### [What to work on]
This exercise calls for an exact copy of the listing, with no pictures kept.

### [Data extract]
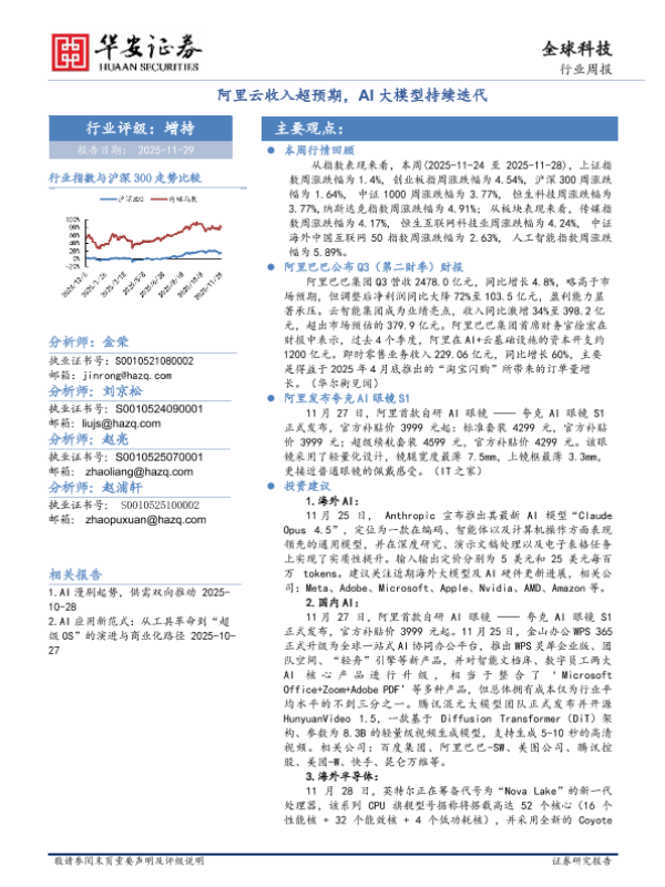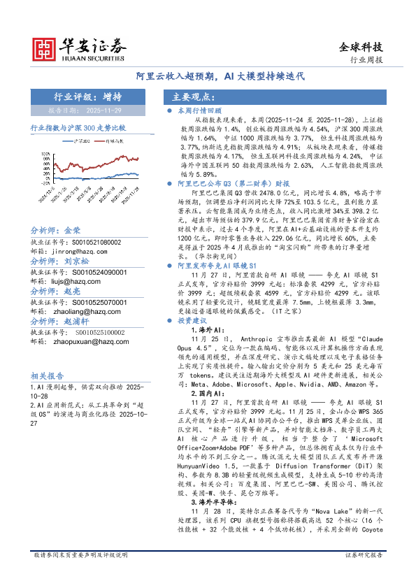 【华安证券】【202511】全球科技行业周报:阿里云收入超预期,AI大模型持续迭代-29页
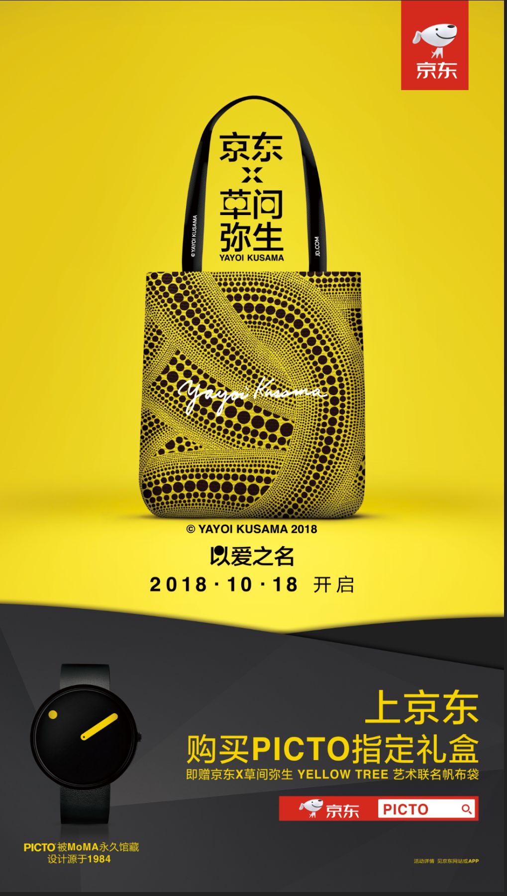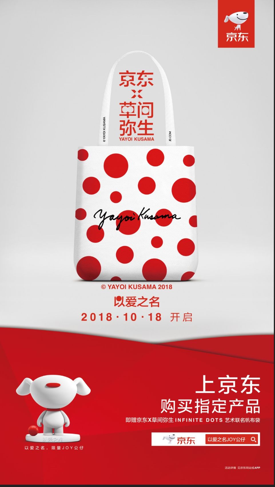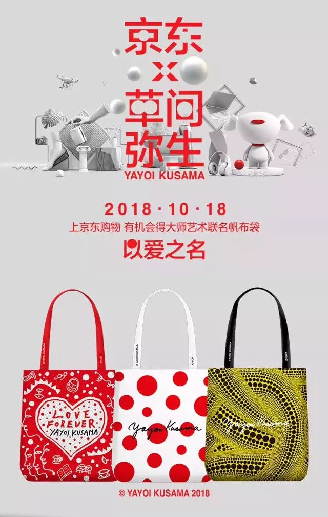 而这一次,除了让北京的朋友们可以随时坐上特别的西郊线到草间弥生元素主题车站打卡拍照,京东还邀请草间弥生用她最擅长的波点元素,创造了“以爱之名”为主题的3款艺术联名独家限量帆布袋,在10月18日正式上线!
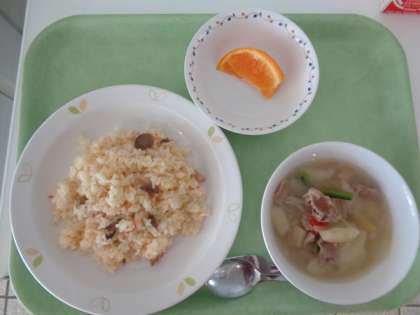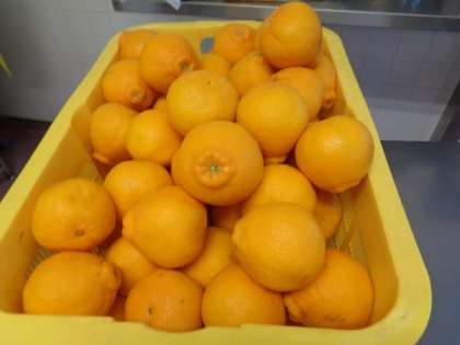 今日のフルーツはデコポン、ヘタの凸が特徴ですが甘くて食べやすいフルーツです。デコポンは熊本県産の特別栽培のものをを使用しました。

### [Answer to this problem]
 【华安证券】【202511】全球科技行业周报:阿里云收入超预期,AI大模型持续迭代-29页
 而这一次,除了让北京的朋友们可以随时坐上特别的西郊线到草间弥生元素主题车站打卡拍照,京东还邀请草间弥生用她最擅长的波点元素,创造了“以爱之名”为主题的3款艺术联名独家限量帆布袋,在10月18日正式上线!
 今日のフルーツはデコポン、ヘタの凸が特徴ですが甘くて食べやすいフルーツです。デコポンは熊本県産の特別栽培のものをを使用しました。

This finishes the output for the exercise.